President Bush’s emergency plan is already helping over one-hundred countries around the world. The plan has made a special commitment to fifteen countries that account for approximately half the world’s H-I-V infections -– now including Vietnam. In these severely affected countries, the funding is being used to supply virus-fighting drugs to two-million H-I-V infected people, prevent new infections, and provide care for ten-million adults and orphans affected by the disease. To meet these goals, the U.S. is also training health-care personnel and building health-care systems, which are in desperately short supply.

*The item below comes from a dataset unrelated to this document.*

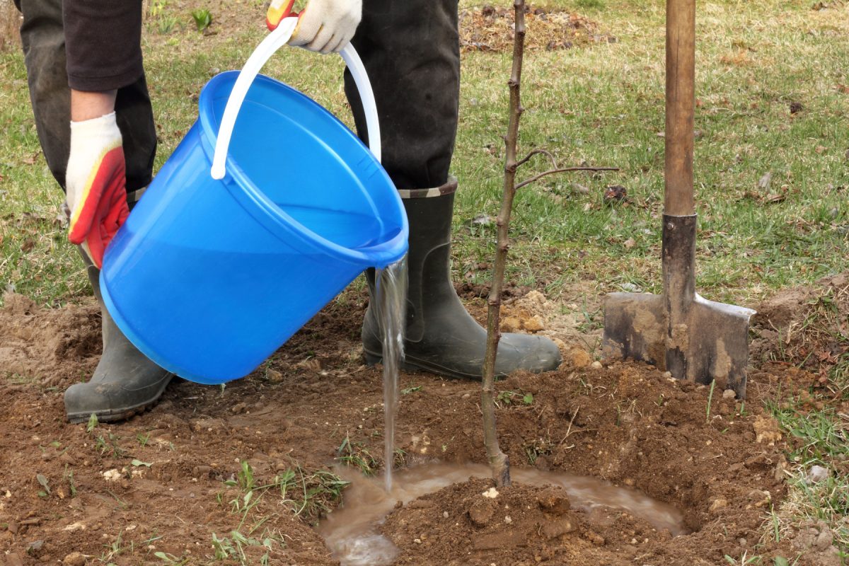 В первые 3 недели саженцы поливают в сухую погоду дважды в неделю, промачивая почву на глубину не менее 50 см. Далее раз в неделю, выливая под каждое растение 2-3 ведра. Вообще, нужно ориентироваться по погоде и времени года. Летом в жару в год посадки поливы должны быть самыми обильными и проводят их только тёплой, отстоявшейся водой. В сильные дожди нет смысла заливать растения. Поздней осенью, когда сад готовится к зиме, также избыточные поливы не нужны. Не забывайте после «водных процедур» мелко рыхлить приствольный круг, чтобы на земле не образовывалась корка.

AIDS has killed at least twenty-million people. More than forty-million are infected with the H-I-V virus that causes AIDS. The disease has left fourteen-million orphans worldwide. President Bush says it’s important “to focus on prevention”:

“We can learn from the experiences of other countries when it comes to a good program to prevent the spread of AIDS, like the nation of Uganda. They’ve started what they call the A-B-C approach to prevention of this deadly disease. That stands for: Abstain, Be faithful in marriage and, when appropriate, use Condoms.”

Uganda has cut its AIDS infection rate to five percent over a ten-year period. As President Bush says, “H-I-V/AIDS can be beaten. America is committed to continue leading the world in ending the plague.”